Escalation and Handoff Lifecycle
Decision states:
- queued_review
- in_review
- handoff_recommended
- handoff_accepted
- handoff_completed
- closed
Recommended transition path:
- queued_review -> in_review
- in_review -> (confirmed|probable|suspect|cleared|inconclusive)
- if confirmed/probable and operationally relevant: -> handoff_recommended
- handoff_recommended -> handoff_accepted (officer)
- handoff_accepted -> handoff_completed (field outcome attached)
- -> closed
Transition constraints:
- handoff_recommended requires non-empty rationale + at least one evidence reference.
- handoff_completed requires outcome note and officer attribution.
KPI Specification
KPI objectives:
- Maintain high triage utility at fixed analyst review capacity.

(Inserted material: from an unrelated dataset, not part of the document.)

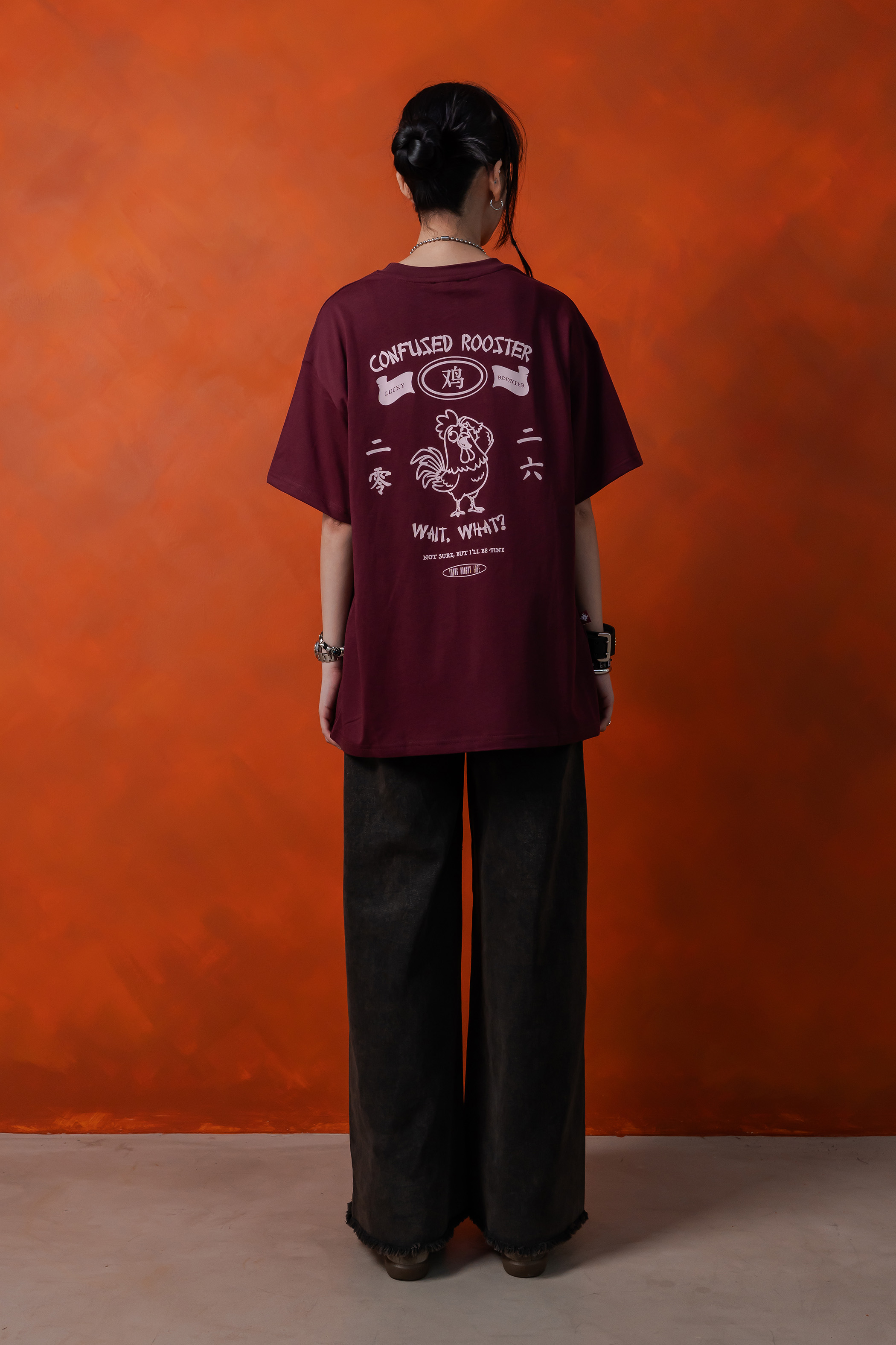 Confused Rooster Tee in Dark Carmine
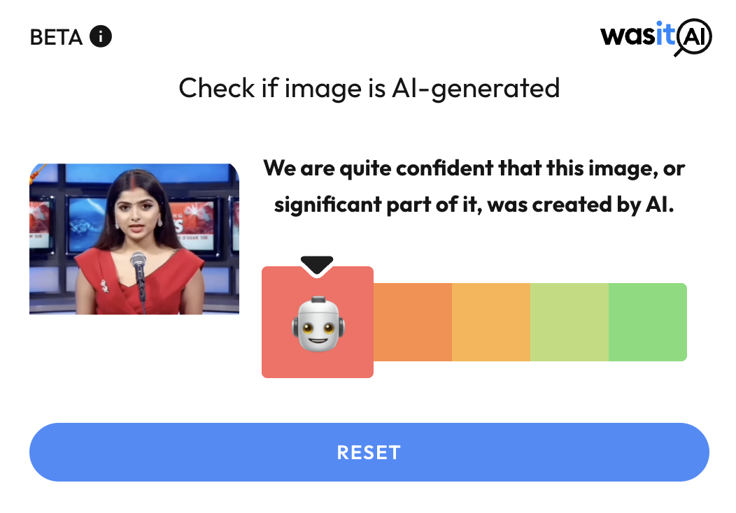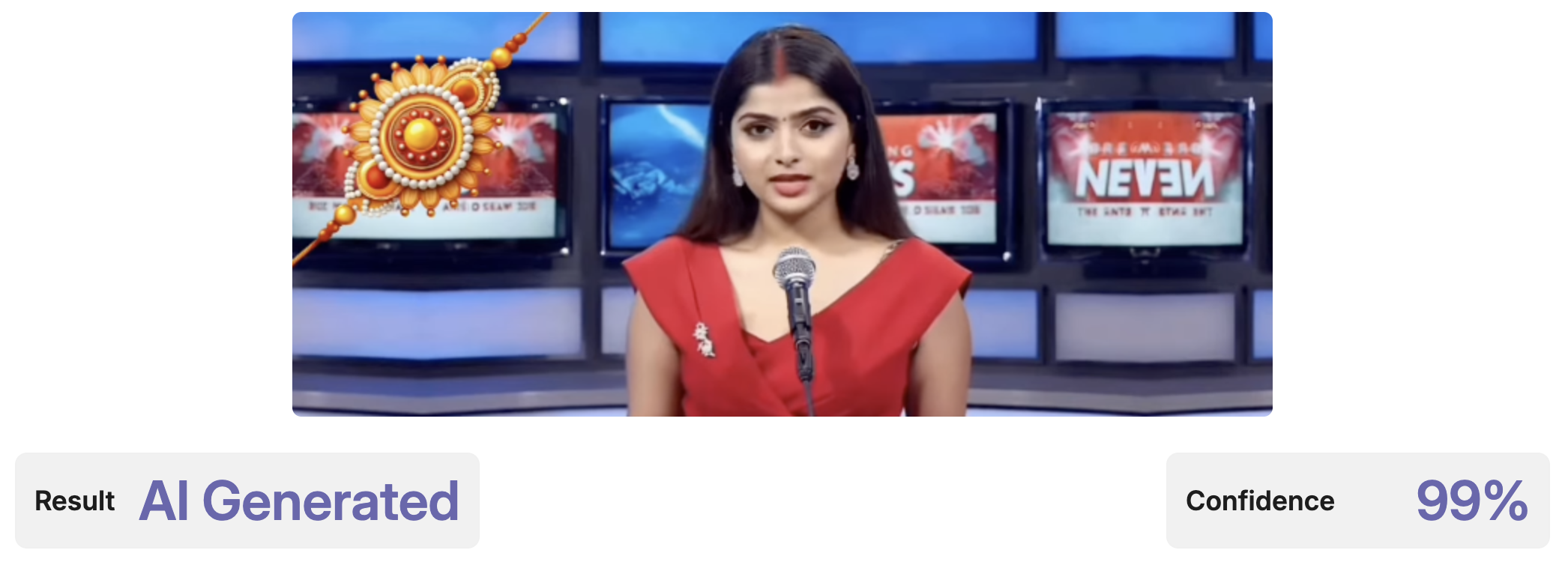 વીડિયોની તપાસ કરતા તેમાં જે યુવતી ન્યૂઝ ઍન્કર તરીકે દેખાય છે, તેની પાછળનું બૅકગ્રાઉન્ડનું લખાણ શંકાસ્પદ જણાયું. જેથી વીડિયો ક્લિપના તે ભાગના કીફ્રેમ્સને એઆઈ ડિટેક્શન ટૂલ થકી ચકાસ્યા.

- Reduce wasted investigations while preserving recall on credible positives.
Model quality KPIs
- Precision@K: K in {25, 50, 100}
- Recall@K: K in {100, 200}
- AUROC
- PR-AUC
- Calibration error (ECE)
Operations KPIs
- Hit-rate at top-N review queue
- Escalation acceptance rate (handoff_recommended -> handoff_accepted)
- Wasted investigation rate (handoff_completed with cleared outcome)
- Median review turnaround time
Tier-aware KPIs
- Tier distribution by region and vessel type
- Tier-specific FP/FN pattern summary from backtesting + reviewed outcomes
- Drift alerts when tier mix or hit-rate deviates from agreed bounds
Reporting Cadence
- Daily: operational dashboard snapshot (top-N, hit-rate, queue health)
- Weekly: threshold recommendation refresh by region/review capacity
- Monthly: tier-quality and drift review with mitigation actions
Traceability
Related tracking issues:
-
54 Parent workflow issue
-
55 Taxonomy/evidence/KPI definition
-
56 Schema and API persistence for review decisions
-
57 Dashboard workflow and handoff actions
-
58 Periodic evaluation and threshold tuning loop